In some embodiments, the usage count 336 may include an allocated count 328 and an application usage count 338. As noted above, one or more of the PCI slots 526 may be allocated for or consumed by one or more external resources (e.g., custom operators/interfaces) and/or consumed by a respective platform's hardware usage. As such, the allocated count 328 may account for the PCI slots used by the allocated PCI slots. The application usage count 338 may account for the number of PCI slots used by a respective application being executed within the environment 500. For example, the application usage count 338 may account for a number of PCI slots on each driver 524A-N used by the pods 510A-N running on the worker nodes 504A-N. In some embodiments, the PCI slot usage received from the collector service 540 may include the application usage count 338 or the notification 344 may be for any changes to the application usage count 338. Based on the allocated count 328 and the application usage count 338 the usage count module 334 may determine the usage count 336 for each of the worker nodes 504A-N. As can be appreciated, since the environment 500 is dynamic, the usage count 336 for each of the worker nodes 504A-N may also be dynamic, changing as the PCI slot usage needs of a respective application and system change.

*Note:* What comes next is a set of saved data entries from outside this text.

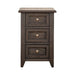 Liberty Furniture Mill Creek Chair Side Table in Peppercorn 792-OT1021. Designed to last throughout the years, the Mill Creek chairside table will delight generations to come. Crafted with excellence using rubberwood solids and split heart white oak veneers, this piece features a Peppercorn finish. There are three full extension drawers with wood framed drawer fronts that are accented with Burnished Brass knob hardware. The beveled edge of the drawer fronts add visual interest while the tapered feet is sure to catch the eye. The Mill Creek chairside table offers lots of function in a classic, timeless design.
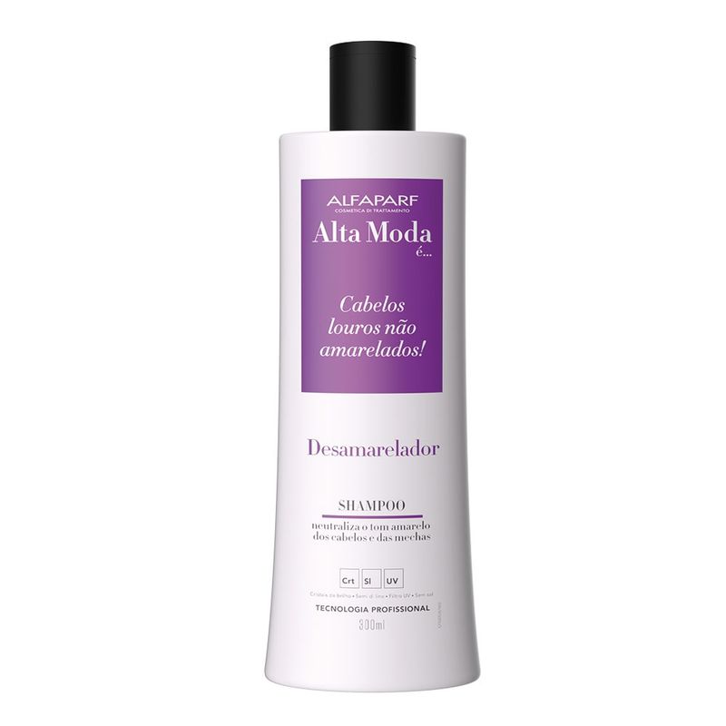 O Shampoo Alta Moda Desamarelador proporciona limpeza delicada e eficaz, além de promover aos fios brilho e uma sensação de refrescância. Desenvolvido especialmente para cabelos louros, com mechas ou luzes. Sua fórmula possui cristais de brilho, pigmentos violeta micronizados, semi di lino e filtro solar que neutraliza o tom amarelado e proporciona brilho aos fios. Cabelos louros não amarelados!
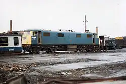 The second engine was 83004 which, on 24 December 1977, was severely damaged in a collision with a Class 47 at Willesden.[1] In 1983, ten of the remaining thirteen engines were withdrawn, all being sent to the Vic Berry Scrapyard in Leicester. The final three were withdrawn in 1989, with two of the three being scrapped at MC Metals of Glasgow in 1993.[11]
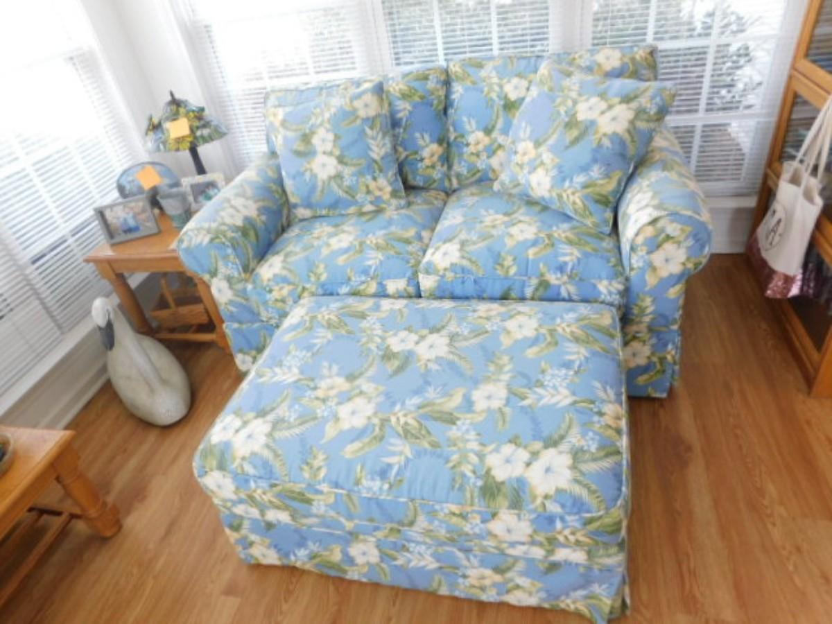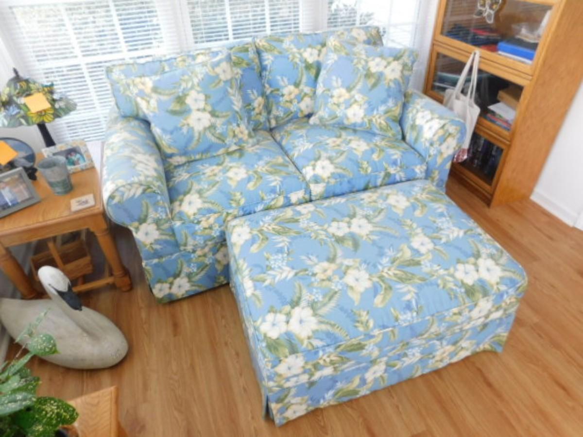Floral Theme Upholstered Loveseat with Matching Ottoman. Smoke free but has a loving pet inside home.
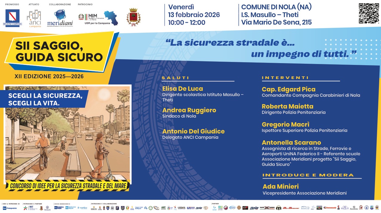 La ventunesima tappa del roadshow itinerante sulla sicurezza stradale e del mare denominato #siisaggioguidasiuro, farà tappa domani 13 febbraio alle ore 10:00, presso l’Istituto Masullo – Theti di Nola presieduto da Elisa De Luca, e a cui prenderanno parte Andrea Ruggiero, Sindaco di Nola, Antonio Del Giudice, Delegato ANCI Campania, il capitano Edgard Pica, Comandante Compagnia Carabinieri di Nola, Roberta Maietta e Gregorio Macrì della Polizia Penitenziaria. Per l’Associazione Meridiani saliranno in cattedra il vicepresidente Ada Minieri e Antonella Scarano, assegnista di ricerca in Strade, Ferrovie e Aeroporti UniNA Federico II.

Responsive to determining the usage count 336, the PCI engine 330 may determine an allocability count 350 for each of the worker nodes 504A-N(466). Specifically, the aggregator service 332 may include an allocability count module 346 for determining the allocability count 350 for each respective worker node. The allocability count 350 may be a number of PCI slots on a respective device driver 524A-N that is allocable by the scheduler 518. That is, the allocability count 350 may indicate the number of PCI slots available on a respective device driver 524A-N for scheduling.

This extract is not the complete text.